**Task requirements**
Although the records include pictures, the copy should not; write out exactly the lines from the first through the line with "Ön Bağlama Detaylı".

(Collected data)
*** Begin section ***

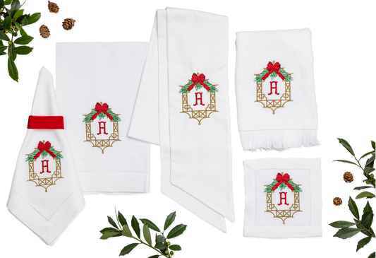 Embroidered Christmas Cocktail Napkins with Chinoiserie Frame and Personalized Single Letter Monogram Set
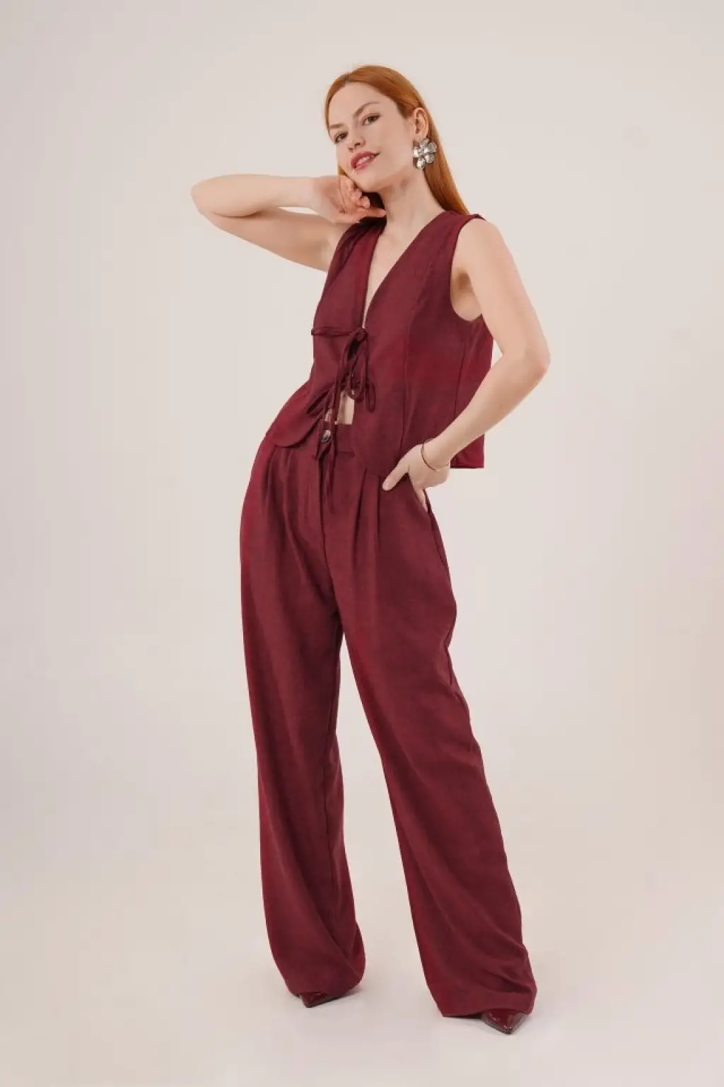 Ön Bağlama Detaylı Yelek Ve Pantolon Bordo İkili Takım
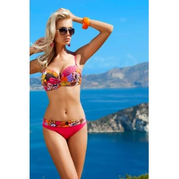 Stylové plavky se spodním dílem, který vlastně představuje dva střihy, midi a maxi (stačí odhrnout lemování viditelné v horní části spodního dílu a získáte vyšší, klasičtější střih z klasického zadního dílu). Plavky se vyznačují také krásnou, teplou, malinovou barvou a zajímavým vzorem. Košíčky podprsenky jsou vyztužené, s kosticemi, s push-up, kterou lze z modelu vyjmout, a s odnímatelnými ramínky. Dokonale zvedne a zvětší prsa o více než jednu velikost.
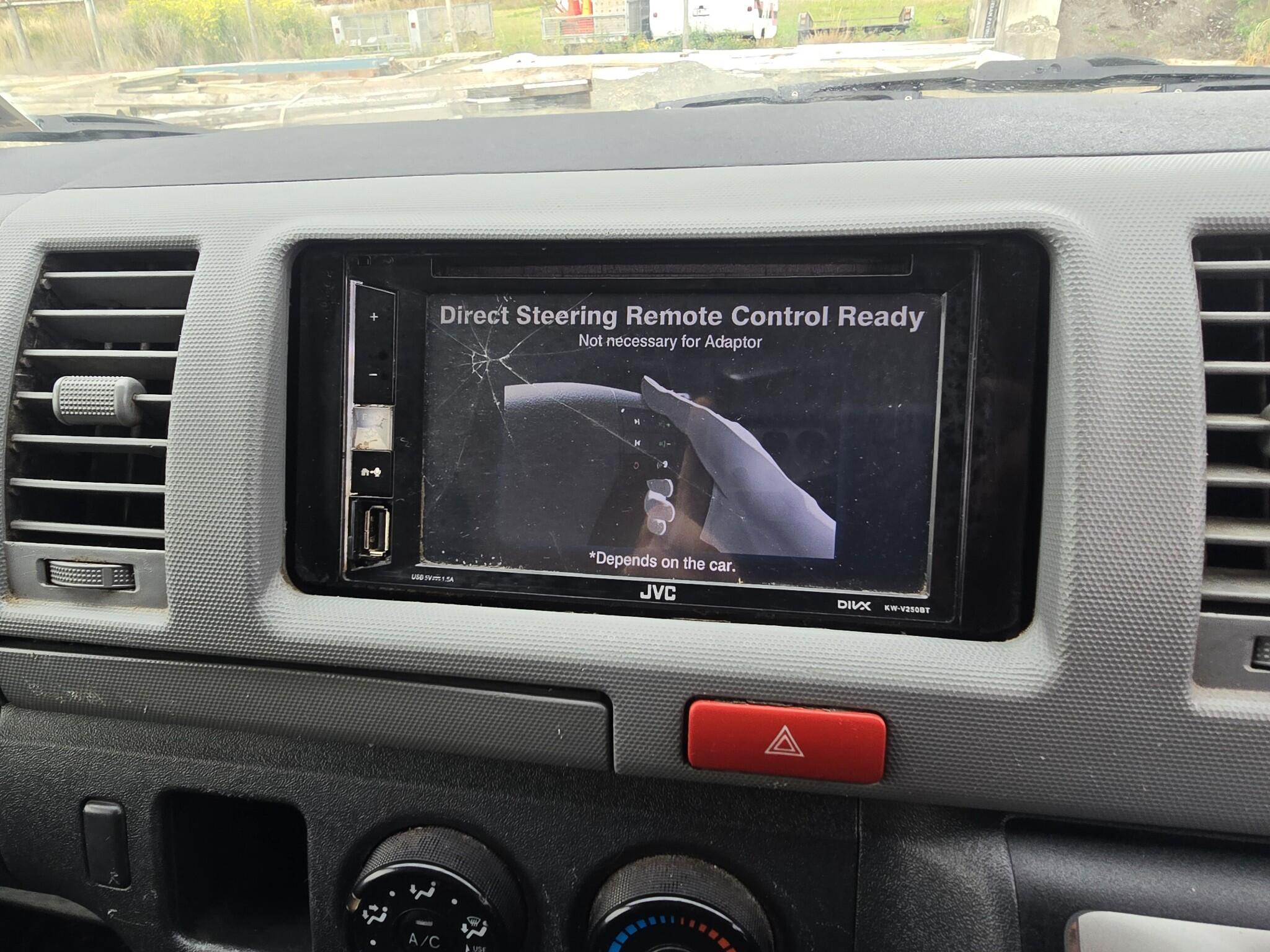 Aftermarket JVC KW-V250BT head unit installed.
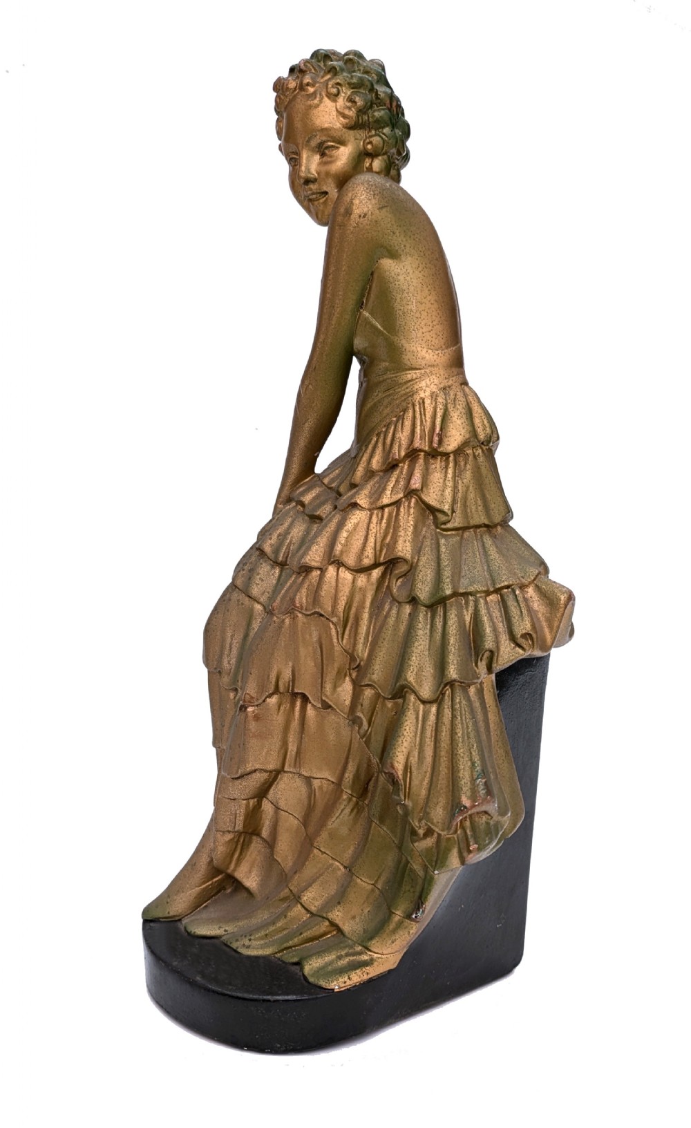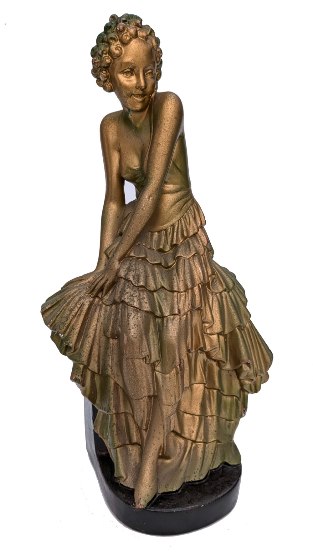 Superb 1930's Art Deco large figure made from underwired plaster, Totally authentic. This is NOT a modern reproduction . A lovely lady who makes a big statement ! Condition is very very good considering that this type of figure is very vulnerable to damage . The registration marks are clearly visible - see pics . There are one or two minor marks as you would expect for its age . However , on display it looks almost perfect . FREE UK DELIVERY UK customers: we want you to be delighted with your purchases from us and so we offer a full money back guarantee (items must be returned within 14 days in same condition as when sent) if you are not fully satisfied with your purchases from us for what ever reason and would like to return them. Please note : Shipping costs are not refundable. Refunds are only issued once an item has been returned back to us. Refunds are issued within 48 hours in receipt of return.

*** End section ***

**Finished task**
 Embroidered Christmas Cocktail Napkins with Chinoiserie Frame and Personalized Single Letter Monogram Set
 Ön Bağlama Detaylı Yelek Ve Pantolon Bordo İkili Takım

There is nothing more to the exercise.